For files-backed xlsx endpoints, the default behavior is also to create a session for the request and close it afterward. Clients may opt into warm session reuse via cache=true on /xlsx/exec, /xlsx/calc, and /xlsx/edit. Read-only file endpoints (/xlsx/meta, /xlsx/view, /xlsx/lint, /xlsx/find, /xlsx/render, /content) opportunistically borrow an already warm session for the same file when one exists. Warm sessions reduce repeated workbook open latency, but do not change the authorization or workbook revision checks.

Cached exec sessions have these isolation properties:

  • The cache is local to each API instance.
  • The cache key includes organization, authenticated principal, file ID, file revision, and locale.
  • A cached session is leased by one request at a time; concurrent requests for the same cache key are serialized.
  • Sessions are closed on eviction, idle TTL expiry, process crash, request errors, and unsaved workbook mutations.
  • A successful save=true mutation rekeys the session to the new file revision.
  • If a script mutates a workbook without save=true, the session is evicted so later requests cannot observe dirty in-memory state.

Warm session caching is controlled by:

Variable Default Purpose
XLSX_EXEC_SESSION_CACHE_ENABLED true Allows opt-in cache=true on files-backed xlsx endpoints.
XLSX_EXEC_SESSION_CACHE_MAX 16 Maximum warm sessions per API instance.
XLSX_EXEC_SESSION_CACHE_TTL_MS 300000 Idle TTL for warm sessions.

Session affinity is not required for correctness but is strongly recommended when clients opt into cache=true, because the cache is per API instance. See the load-balancer guidance.

Exec Request Limits

The API and xlsx-serve both validate exec request sizes and timeouts.

Limit Default / Maximum Notes
Authenticated workbook upload size 25 MB Multipart stateless uploads and files-backed workbook uploads.
Guest stateless upload size 5 MB Applies only when guest access is enabled.
Exec code size 64 KB UTF-8 encoded request code.
Exec input size 64 KB Serialized JSON input.
Exec timeout 30s default, 90s max Whole JavaScript evaluation timeout for authenticated calls.
Guest exec timeout 10s default, 20s max Applies only when guest access is enabled.
Serialized result size 5 MB default Configurable with EXEC_RESULT_MAX_BYTES.
Stdout byte size 5 MB Hard cap enforced in xlsx-serve.
Printed output characters 50000 max Optional max_output_chars request setting.
Preview images returned from exec 10 default Configurable with EXEC_IMAGE_MAX_COUNT; set 0 for no image count cap.
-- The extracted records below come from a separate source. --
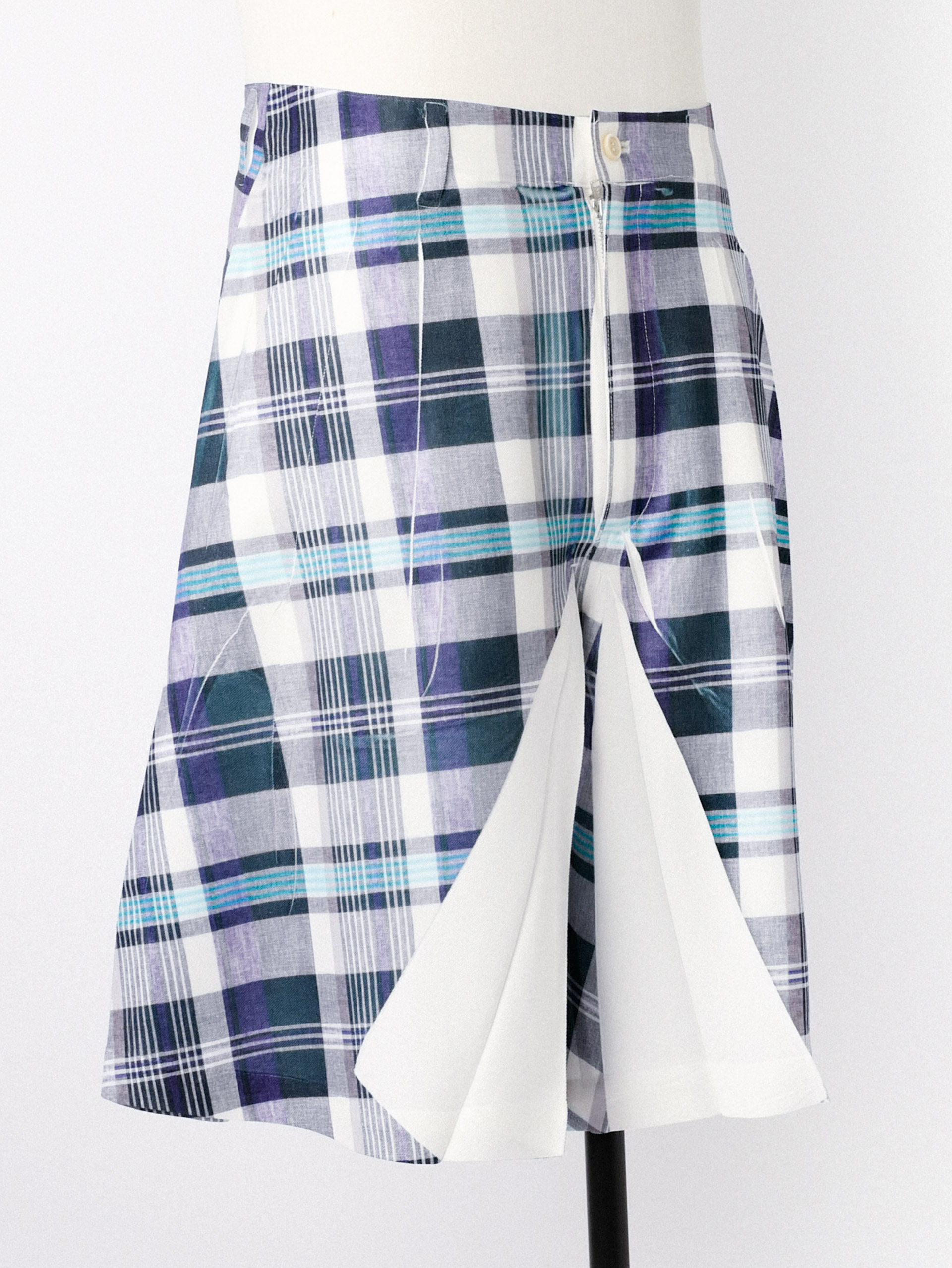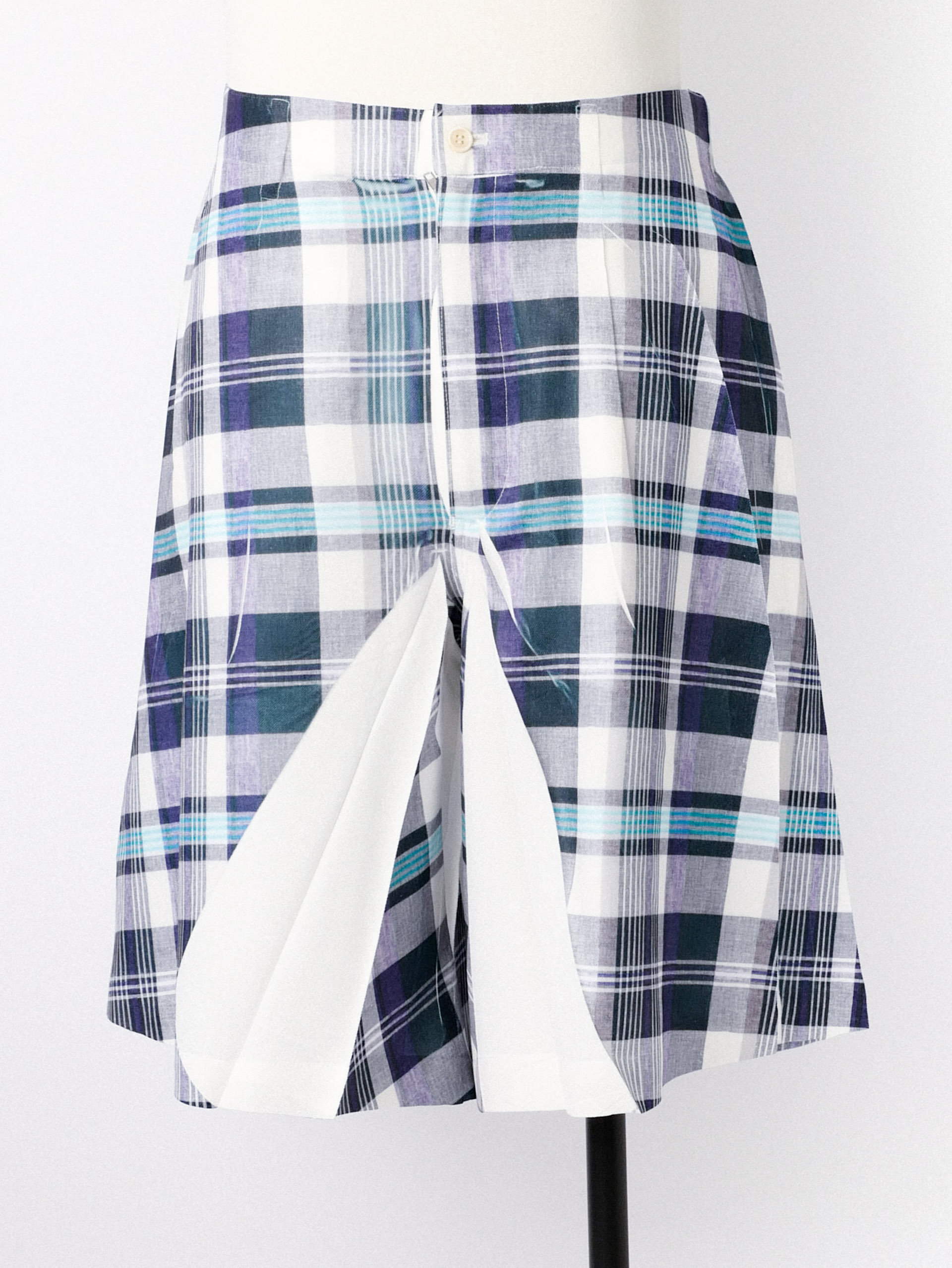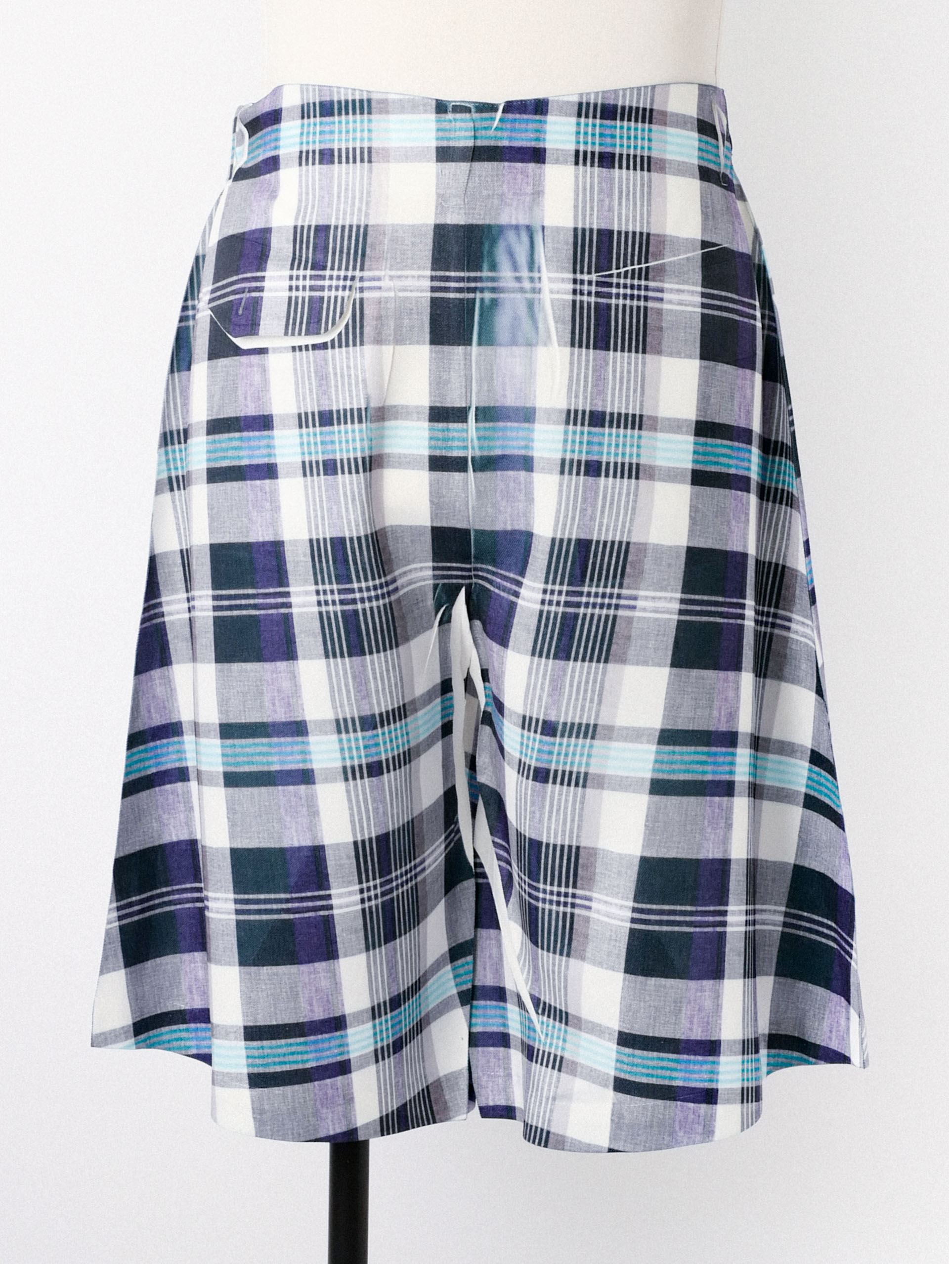Tartan overprint shorts with front button and zip fastening, belt loops and two inset pockets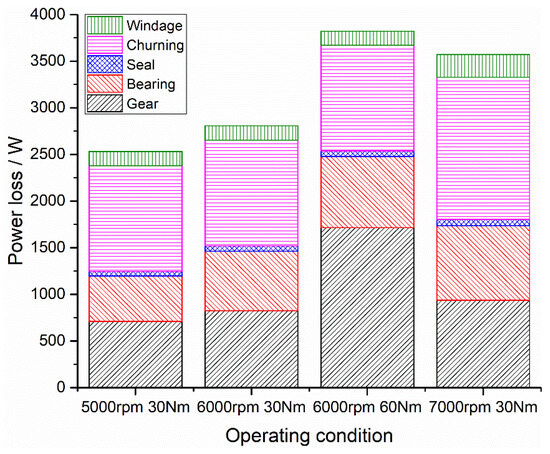 - The calculated results show that at the nominal operating conditions of the light-duty truck, churning is the most significant power loss source, accounting for more than 40%. The highest proportion is due to its high input speed and deeper immersion depth. The gears are the second most important power loss source, with a similar proportion attributed to the bearings.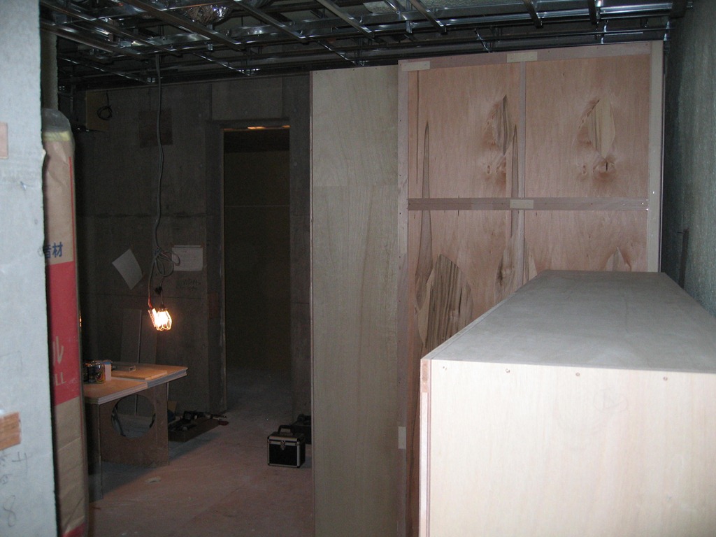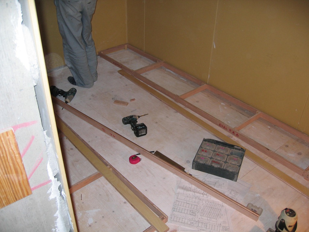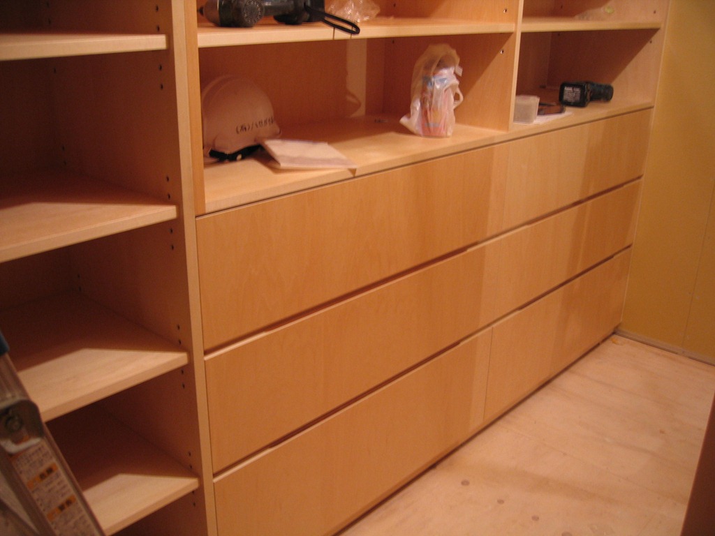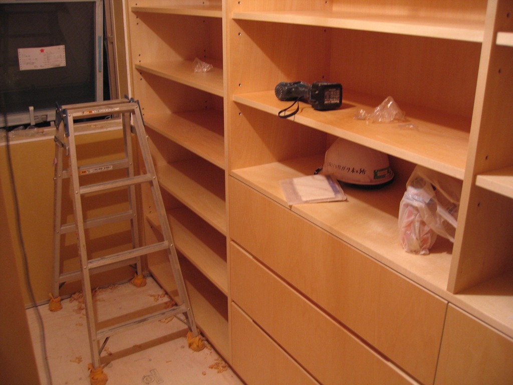 右にあるのが取り付け待ち家具。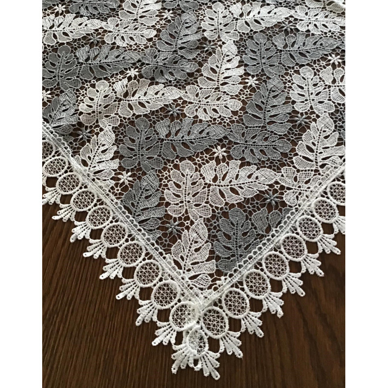 Eleganckie bieżniki i serwety całe z gipiury w biało szare liście.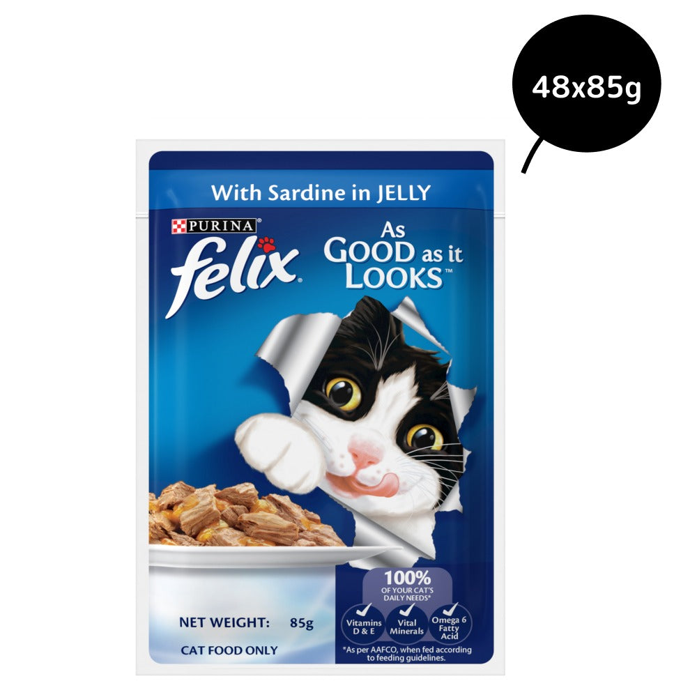 Felix As Good as it Looks™ is a range of delicious meals specially prepared with tender meaty pieces in a succulent jelly which look and smell so meaty, it looks like food you have cooked yourself. They are full of healthy goodness to satisfy 100% of your cat's daily needs when fed according to the feeding guidelines on the pack.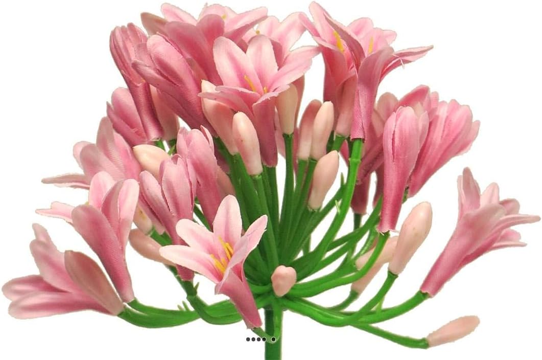 Artificial agapanthus head on stem. Colour: PinkHeight of the synthetic flower: 75 cm Diameter of the flower head: 14 cm. Petal length: 8 cm. Petal material: fabric (plastic petioles). Stem material: reinforced plastic – modular (Can be cut off the stem to adjust the size of the flower. We advise you to use a cutting pliers for this operation)Ideal for floral or vegetable composition, fresh or synthetic. The diameter of the flower head will bring density to the whole.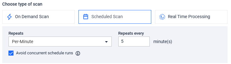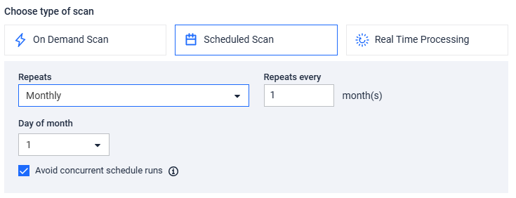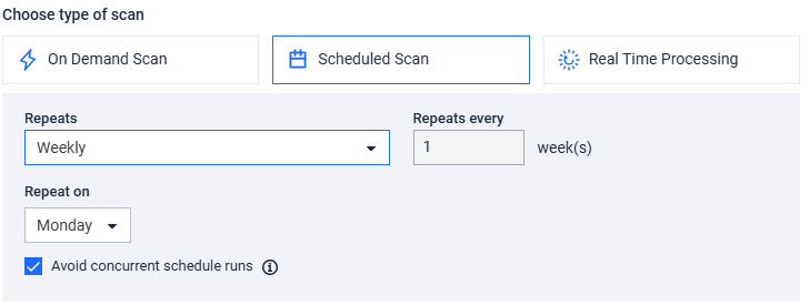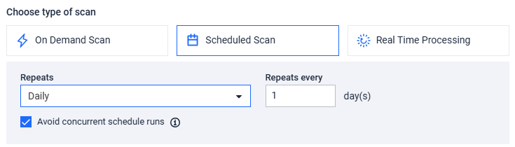 • Avoid concurrent schedule runs - When enabled, the system will skip a scheduled scan run if the previous run is still in progress. This prevents multiple scans from running simultaneously.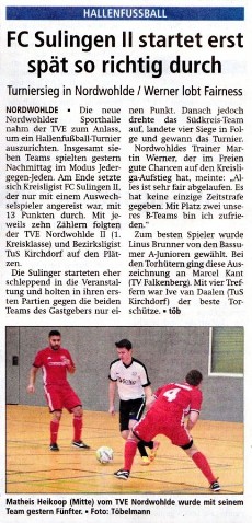 Nordwohlde. Zum Blitz-Hallenturnier in die Ende Juni 2017 fertiggestellte Mehrzwecksporthalle hatte der TVE Nordwohlde eingeladen.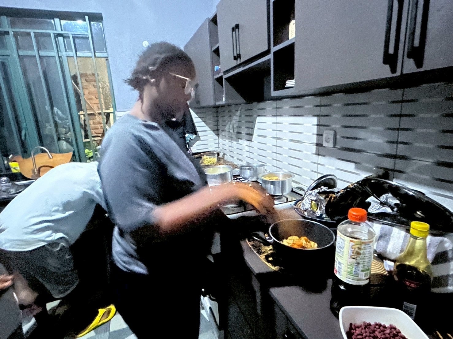 初めての煮物に挑戦するルワンダのパートナー
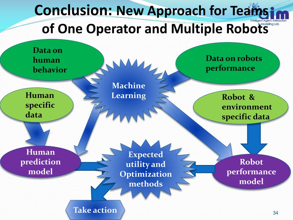Conclusion: New Approach for Teams of One Operator and Multiple Robots • Data on human behavior • Data on robots performance Machine Learning • Human specific data • Robot & environment specific data Expected utility and Optimization methods Human prediction model Robot performance model Take action

Renderer pixel/range caps still apply.
JavaScript execution stack depth 256 Applies to script call and constructor dispatch, including bound/proxy wrappers and built-in constructor paths.
JavaScript same-function recursion depth 1000 Interpreter recursion guard; the execution stack guard is the lower effective depth cap for exec scripts.
JavaScript built-in/native recursion depth 256 Applies to recursive interpreter built-ins such as JSON serialization and array flattening/string conversion.
JavaScript JSON.parse nesting depth 64 Applies to JSON parsed by the interpreter, including exec input hydration.
JavaScript regular expression timeout 25ms Applies to regular expressions evaluated inside exec scripts.
API request timeout 3 minutes HTTP request guard for xlsx routes.
RPC timeout 90s default Guard between API and xlsx-serve; exec uses the requested timeout plus a small grace period.
xlsx-serve idle timeout 60s Exits an idle child process if the API does not keep it alive.
Legacy .xls conversion timeout 120s default Configurable with XLS_CONVERSION_TIMEOUT_MS.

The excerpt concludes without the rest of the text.